Anaphora and Quantification in Situation Semantics
Cambridge University Press, Sep 1, 1990 - Language Arts & Disciplines - 352 pages
A principal goal of this book is to develop and apply the Situation Semantics framework. Jean Mark Gawron and Stanley Peters adopt a version of the theory in which meanings are built up via syntactically driven semantic composition rules. They provide a substantial treatment of English incorporating treatments of pronomial anaphora, quantification, donkey anaphora, and tense. The book focuses on the semantics of pronomial anaphora and quantification. The authors argue that the ambiguities of sentences with pronouns cannot be adequately accounted for with a theory that represents anaphoric relations only syntactically; their relational framework uniformly deals with anaphoric relations as relations between utterances in context. They argue that there is no need for a syntactic representation of anaphoric relations, or for a theory that accounts for anaphoric ambiguities by resorting to two or more kinds of anaphora. Quantifier scope ambiguities are handled analogously to anaphoric ambiguities.
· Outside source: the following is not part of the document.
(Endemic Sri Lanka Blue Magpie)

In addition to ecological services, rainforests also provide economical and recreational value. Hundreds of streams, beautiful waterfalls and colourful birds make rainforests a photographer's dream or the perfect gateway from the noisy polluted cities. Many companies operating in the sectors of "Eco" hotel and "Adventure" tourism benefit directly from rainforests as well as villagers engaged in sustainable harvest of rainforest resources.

This treatment integrates the Cooper Store mechanism with a theory of meaning that provides both a natural setting for it and a convincing account of what, semantically, is going on. Jean Mark Gawron is a researcher for Hewlett Packard Laboratories, Palo Alto. Stanley Peters is professor of linguistics and symbolic systems at Stanford University and is director of the Center for the Study of Language and Information.